Since it's my view that the academic and commercial establishments are completely ignoring large segments of first-rate contemporary poetry, I've always felt that a list of currently active poetry schools would be of great value. Hence, this attempt at one. My hope is that others will augment and adjust it, and that we can arrive at some kind of intelligent, non-hierarchical, informal Master-List that just about everyone agrees covers the field.
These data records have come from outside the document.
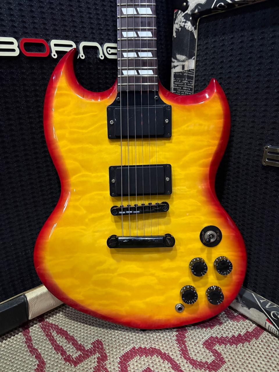 Inspirada no tradicional modelo SG, ela conta com construção de braço colado (set-in), que proporciona melhor transferência de vibração e sustain mais prolongado. Seu conjunto de captadores humbuckers entrega timbres encorpados e versáteis, ideais para estilos como rock, blues e hard rock.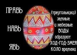 | Существует древний обычай расписывать на Пасху яйца по определенной технике, где куриное яйцо — символ жизни. Этот обычай существовал еще до христианизации Руси. А, следовательно, к современной Пасхе не имеет отношения. Как это было?  Писанки с мережками Стали обережками, В них мечта записана, Зло сбивает писанка. Писанки имеют сотни символов, значений-оберегов. Пожалуй, нет ни одного доброго пожелания, которое нельзя было бы выразить рисунком писанки. Самые распространенные орнаменты на писанках — солнечные знаки: •Всевозможные солнышки: круг, сочетание кругов, круги с прямыми и волнистыми линиями. •Растительные мотивы. Все цветы похожи на настоящие, но сказочные по расцветке. •Цветы, похожие на маленькие солнышки. Если такие цветы располагаются на «полюсах», это символизирует восход и закат — непрерывную смену дня и ночи, безконечность жизни. •Прямые, волнистые, зигзагообразные линии символизируют движение. Символы рисунков: •ласточки — приход весны, •спираль — знак долгой жизни (дарили пожилым людям), •зеленые сердечки — любовь (девушки дарили парням), •рушничок — для дочери (чтобы удачно вышла замуж), •яблочко, цветы — на рождение девочки… Символика цвета: •красный — цвет огня, радости, •желтый — цвет солнца, •черный — цвет земли, •коричневый — плодородие земли. Детям до совершеннолетия дарили только красные или зеленые писанки, т.к. юная душа должна была сначала окрепнуть, получить Силу. Краски применялись природные. Сырьем получения красок были цветы, листья, шелуха зерен, кора, корни, ягоды. Яйцо-писанка. Красить яйца — древний обряд, уходящий вглубь веков. Писанку не рисовали, а раписывали на сыром курином яйце. По преданиям, писанки — это звезды, рожденные Ладой-Богородицей. Раз в году славянской женщине выпадала честь представлять Богородицу на земле. В предрассветный час выносила она на порог волшебное пряльце и пряла нить, днем купала детей, пекла хлеб, а затем в теплой печи томила краски для писанок. Воду для этих красок брала накануне вечером из 7 родников. Домой несла молча, в тайне. Этой живой водой заливала сушеные травы , лепетки цветов, кору молодой дикой яблони и ставила на пару часов в печь. Пока готовилась краска, на сыром курином яйце горячим воском писалось обращение к Богам. Настоящая писанка сохраняла жизненную силу целую неделю (не протухала). Сперва яйцо окуналось в желтую краску «яблоньку» и держалось в ней пока читались гимны-обращения к Богам. Каждый цвет узора защищался воском. К концу работы яйца были больше похожи на темные колобки. Их опускали в горячую воду или подносили к огню. Воск плавился, и рождалась писанка. Первую писанку делали для Богов и Предков (можно было делать из деревянного яйца). Вторую — для родителей. Третья — для закликания весны. Четвертая — с узором на богатство и достаток в Роду. Продавать писанки было нельзя, а вот даровать — означало честь оказывать. Неряшливо расписанное яйцо силы не имело. Такое подношение считалось оскорблением. Не разрешалось дарить писанки тем, кто ведет кочевой образ жизни. А так же тем, с кем семья не желала иметь родства. Писанками нельзя было поминать мертвых. Разбитая писанка грозила засухой. Если такое происходило, то немедля скорлупу надо было измельчить и закопать в землю или же бросить в воду. Писанки ложили венчиком вокруг кулича 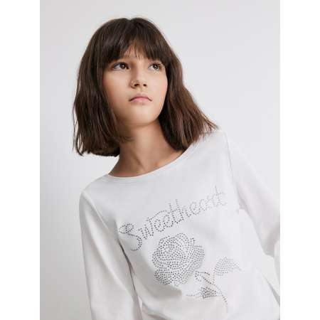 Лонгслив с рукавами клеш для девочки представляет собой модный айтем для создания изящных образов. Лонгслив изготовлен из трикотажного полотна, которое приятно на ощупь. Модель посадки regular предполагает приталенный крой со стандартной линией плеча. Утонченный штрих придают расклешенные длинные рукава. Широкая округлая горловина не мешает при одевании. Лонгслив украшен спереди принтом из сияющих серебристых стразов и милой надписью "SWEETHEART" [англ. - "Дорогая"]. Дополнительный блеск придает россыпь серебристых стразов. Базовый белый цвет модели позволит создавать интересные повседневные образы. Лонгслив со стразами для девочки составит отличный лук с трендовыми широкими джинсами. Модель представлена в двух цветах: коричневом и белом.

This isn't my first such list. A few years ago I had one in Small Press Review as a guest editorial. Alas, it generated next to no interest, only two people writing me about it. Too many poets and poetry-readers have a prejudice against pigeon-holing. I didn't give up, though, but later I posted a version of my list at the Internet poetics discussion group hosted by SUNY, Buffalo, and did better, getting several quite helpful responses--enough to convince me it'd be worthwhile to carry on here. Once the list seems set, I will put a summary of it in the dictionary which is the central goal of Comprepoetica, as well as individual entries on most, or all, the schools we come up with. Then who knows what might happen? Perhaps even the publication at last of a truly catholic anthology of current American poetry! In any event, here's my list:

MAINSTREAM POETRY

What's in all the standard anthologies; Vendler-certified; many sub-schools, some of which are:

  • Iowa-Workshop Poetry (e.g., Bell)

  • Surrealist Poetry (e.g., Bly)

  • Ecological Poetry (e.g., Snyder)

  • Jump-Cut Poetry (e.g., Ashbery)

    EASY-STREAM POETRY

    A variety of poetry that, based on its popularity, ought to be mainstream but is shut out of the major anthologies because academics look down on it.

  • Light Verse

  • Haiku

    LANGUAGE POETRY

    The poetry in *In the American Tree*, the Messerli anthology, etc.; Perloff-certified; several sub-schools that I lack the knowledge to untangle

    CONTRA-GENTEEL POETRY

    All the 'unrefined" plain-writing poets inspired by W.C. Williams, Frank O'Hara, the Beats, Bukowski. (Note: I include the social identity poets in this school--but, of course, many poets, particularly the social identity, are in more than one group--Maya Angelou, for instance, seems to me at times Mainstream, and at times Contra-Genteel.) The main sub-schools I know of are:

  • Conversationalist Poetry (e.g., the many followers of Frank O'Hara)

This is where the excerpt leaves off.